If we depend on that, I think we would ideally want the equivalent of MOZ_ASSERT_DEBUG_OR_FUZZING(mWorkerPrivate->HasActiveWorkerRefs()); both before and after the call to JS interrupt so that we could get fuzzing coverage to detect if that invariant is being violated. Because that function depends on looking into mozilla::dom::WorkerPrivate::mWorkerThreadAccessible it requires a little extra legwork to maintain for off-worker-thread access, but we could do it via a field that conditionally exists #if DEBUG || FUZZING and have the field maintained by mozilla::dom::WorkerPrivate::AddWorkerRef and mozilla::dom::WorkerPrivate::RemoveWorkerRef.

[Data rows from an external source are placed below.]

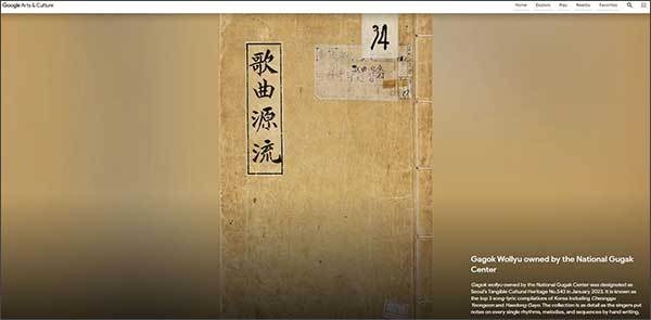 이번 온라인 전시에서는 고해상도로 촬영한 국립국악원 소장 ‘《가곡원류》의 원문 이미지와 함께 해설을 제공하며, 국립국악원 국악아카이브에서 보유한 가곡원류에 기록된 일부 가곡의 공연 영상을 함께 제공해 실제 연주 모습 또한 감상할 수 있다. 또한 이번 전시는 국ㆍ영문 서비스를 통해 전 세계인이 누구나 쉽게 《가곡원류》를 이해하고, ‘가곡’을 감상할 수 있도록 구성했다.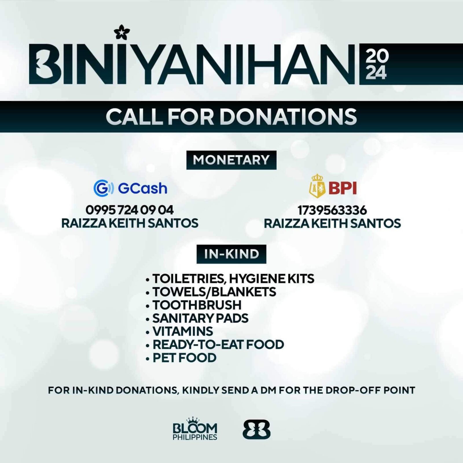 BINI’s fanbase, the BLOOMs, are accepting cash as well as in-kind donations in the form of toiletries, ready-to-eat food, medicine, and more. The cash donations will be donated to Angat Buhay Foundation under BINI and BLOOMs. Access their donation tracker here. For the in-kind donations’ drop-off location, you may send the fanbase a message here.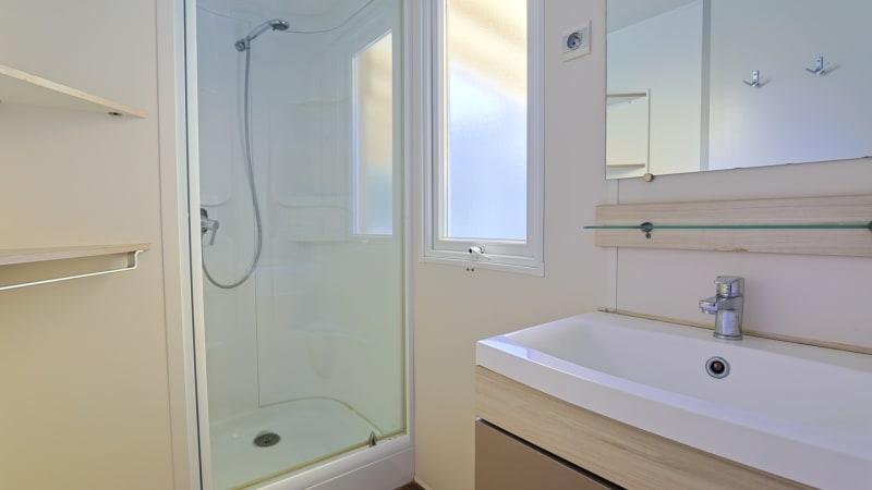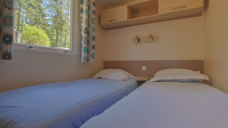 The trailer-chalet also has a modern bathroom with a shower cubicle and large washbasin and there is a separate toilet. The 4LCXL trailer-chalet has two separate bedrooms. One bedroom with a double bed and one bedroom with two single beds. There is electric heating in the trailer-chalet for extra warmth on cooler days.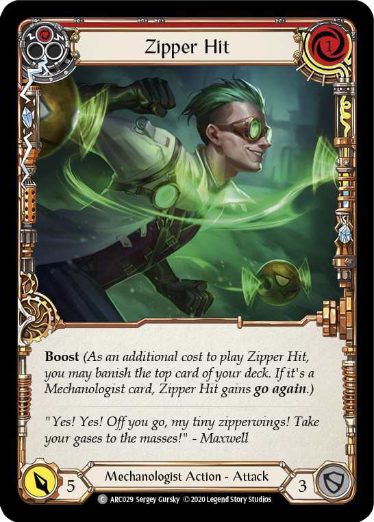 Boost (As an additional cost to play Zipper Hit, you may banish the top card of your deck. If it's a Mechanologist card, Zipper Hit gains go again.)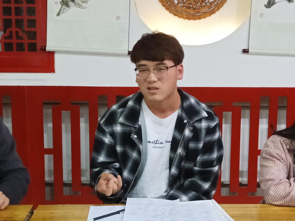 活动伊始,由安全工程1701班的庞博分享他的感悟。在辩论场上久经磨砺的他凭借着出色的口才和自己的博学,围绕"我们看到的都是别人想让我们看到的"和"我们看到的都是我们想要看到的"两个方面展开讲述。庞博同学从贴吧讲到大数据,从书本讲到网络,从限制讲到自由,把自己的读书感悟以诙谐幽默的语言表达出来,让同学们在活泼轻松的气氛中感受到了读书的魅力所在。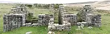 The extensive quarries at Foggintor provided granite for the construction of London's Nelson's Column in the early 1840s, and New Scotland Yard was faced with granite from the quarry at Merrivale.[2] Merrivale Quarry continued excavating and working its own granite until the 1970s, producing gravestones and agricultural rollers. Work at Merrivale continued until the 1990s, for the last 20 years imported stone such as gabbro from Norway and Italian marble was dressed and polished.[3] The unusual pink granite at Great Trowlesworthy Tor was also quarried, and there were many other small granite quarries dotted around the moor. Various metamorphic rocks were also quarried in the metamorphic aureole around the edge of the moor, most notably at Meldon.[4]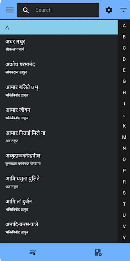 • Classification according to Alphabetical, Authors, Temple Songs, Ashtakams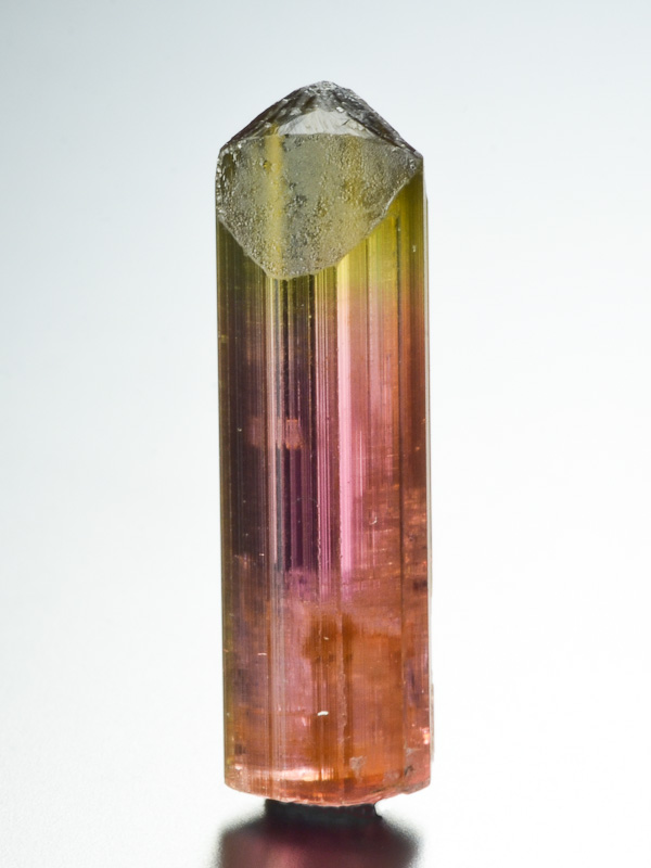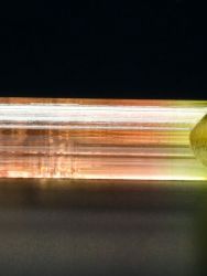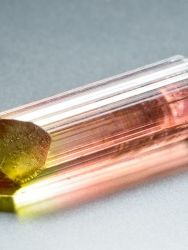 A very nice example of the tourmaline variety elbaite from a find in 1980s. This one is almost pristine and has glassy lustre. Other tourmalines are pink, but few are this pink/yellow. It is complete all around, and very symmetrical.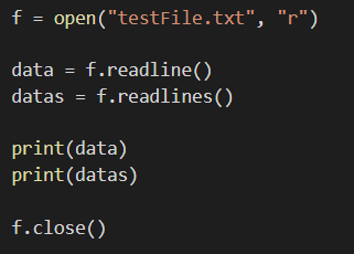 결과는 readline()는 첫줄이 나오고 readlines()는 리스트로 전체 데이터가 나왔습니다.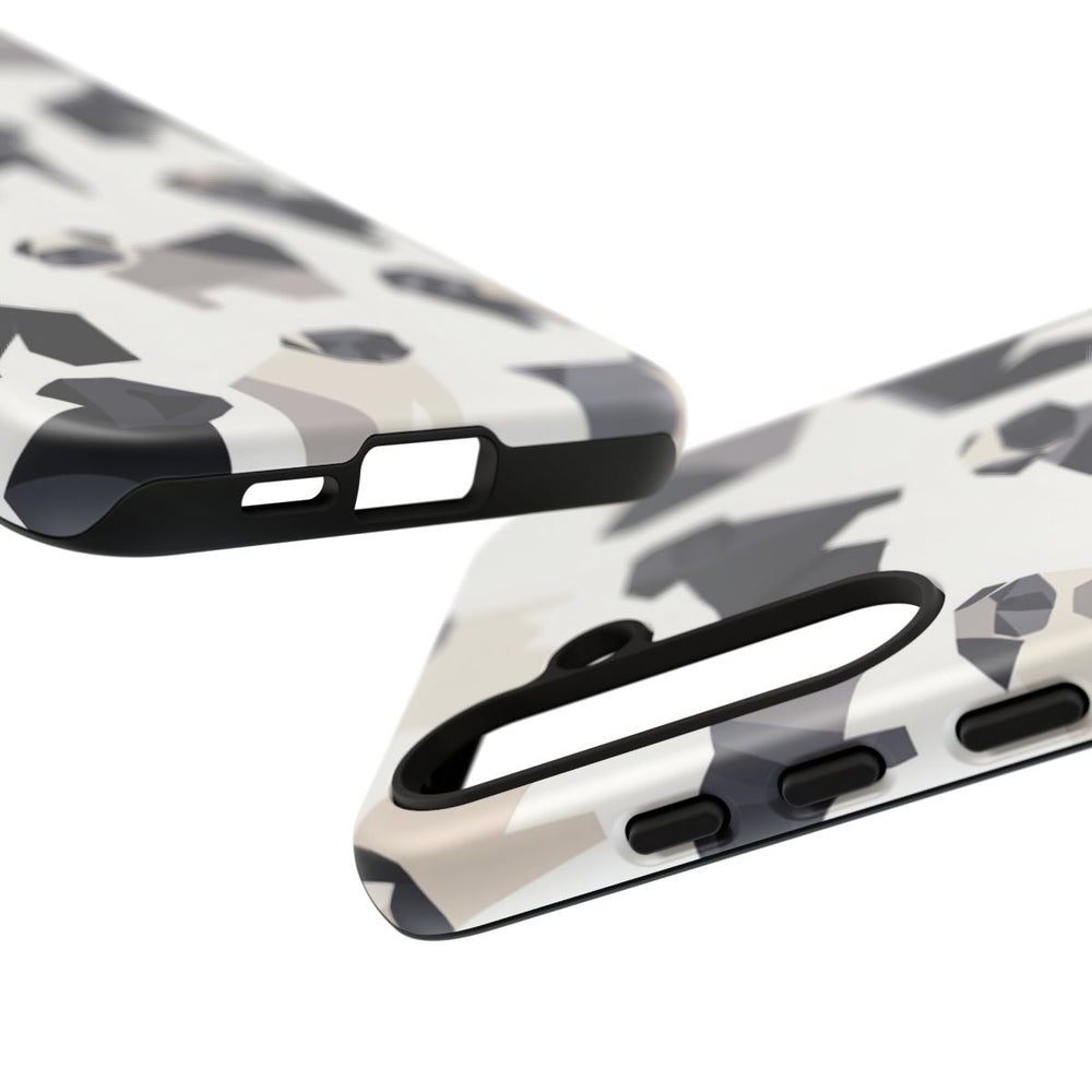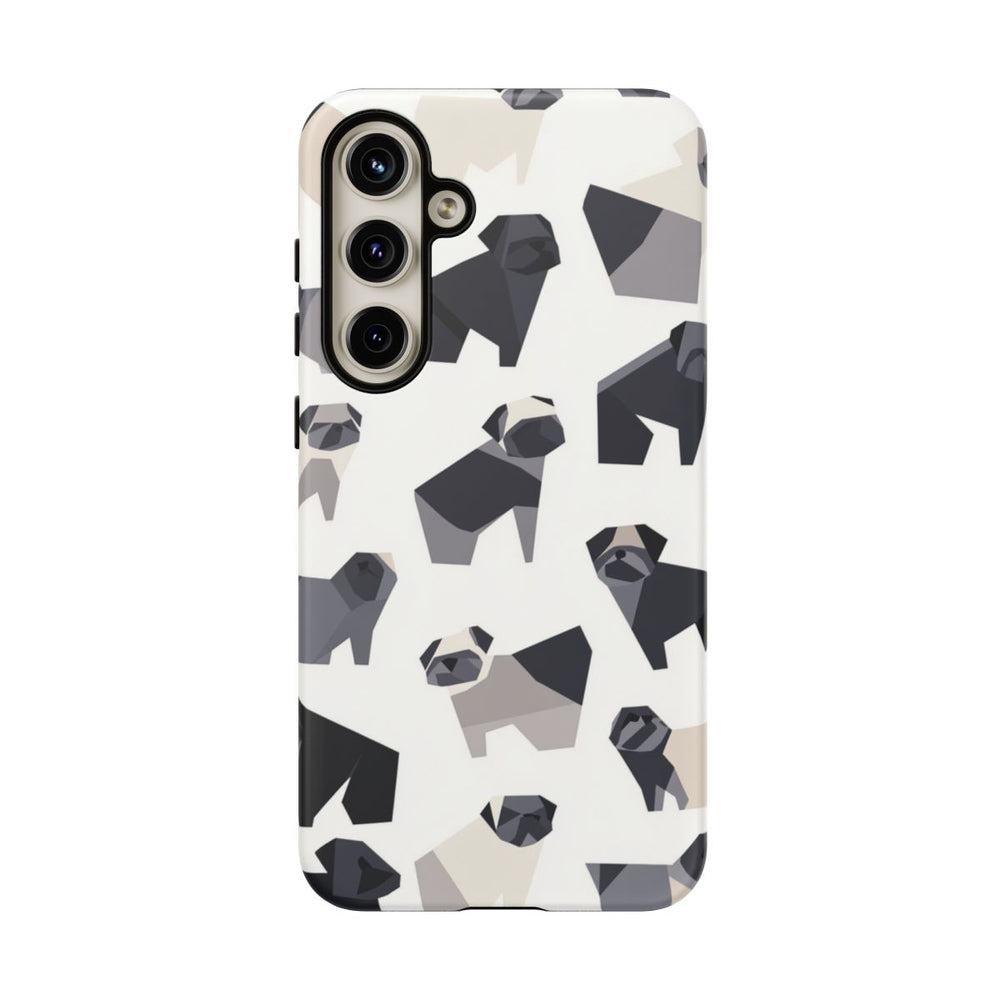 Dit hoesje heeft een herhalend patroon van minimalistische mopshonden in zwarte, grijze en beige tinten. De mopshonden zijn gestileerd met geometrische, hoekige vormen en diagonaal gerangschikt zonder elkaar te overlappen op een witte achtergrond. Het stevige matte hoesje bestaat uit twee lagen, gemaakt van polycarbonaat met een TPU-voering voor extra stevigheid en bescherming. Geschikt voor draadloos opladen. Niet geschikt voor MagSafe.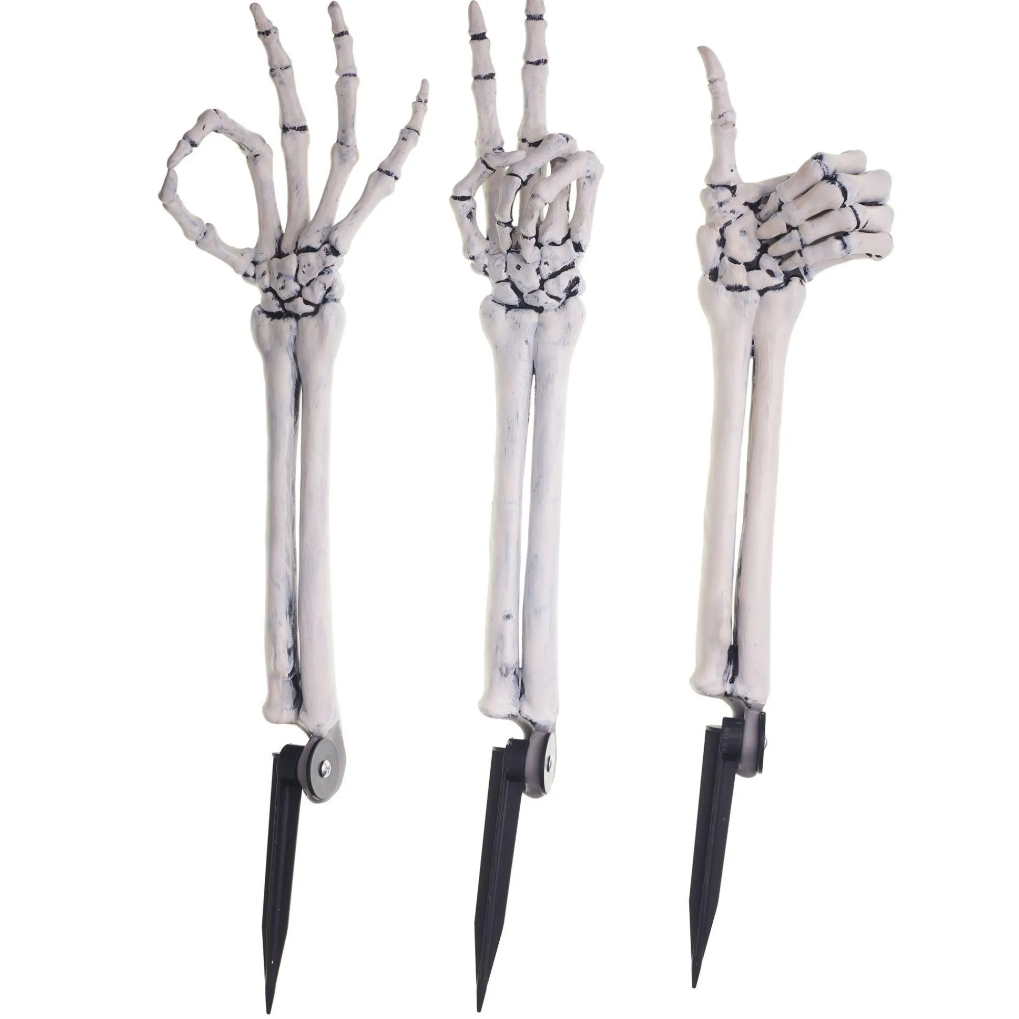 This Outdoor Skeleton Hand Display Features Plastic Human Remains That Are Planted In The Ground To Create The Illusion Of Skeletons Rising From The Grave. Each Hand Is Posed In A Different Shape: Ok, Peace, And Thumbs Up. The Creepily Amusing Halloween Props Are Durable, Reusable, And Easy To Assemble.

That said, it wouldn't be shocking for there to be cases like the RuntimeService shutdown code where we ask the workers why they look like they're hanging using control runnables that might be angry about that, so maybe the mOtherThreadsDispatchingViaEventTarget counter idiom is better.

Ordering concerns

One question is if we even need to re-acquire the lock and so we could move the CondVar notification up above the call to the JS-interrupt. If we do the mOtherThreadsDispatchingViaEventTarget idiom, we definitely need to re-acquire the lock, decrement the variable, and notify the condvar afterwards. If we do the StrongWorkerRef checks, that also would imply also reacquiring the lock at least in the debug-or-fuzzing case. So it sorta sounds like either way we might as well stick with the existing ordering and intentionally reacquire the lock and notify afterwards even if it's more wasteful.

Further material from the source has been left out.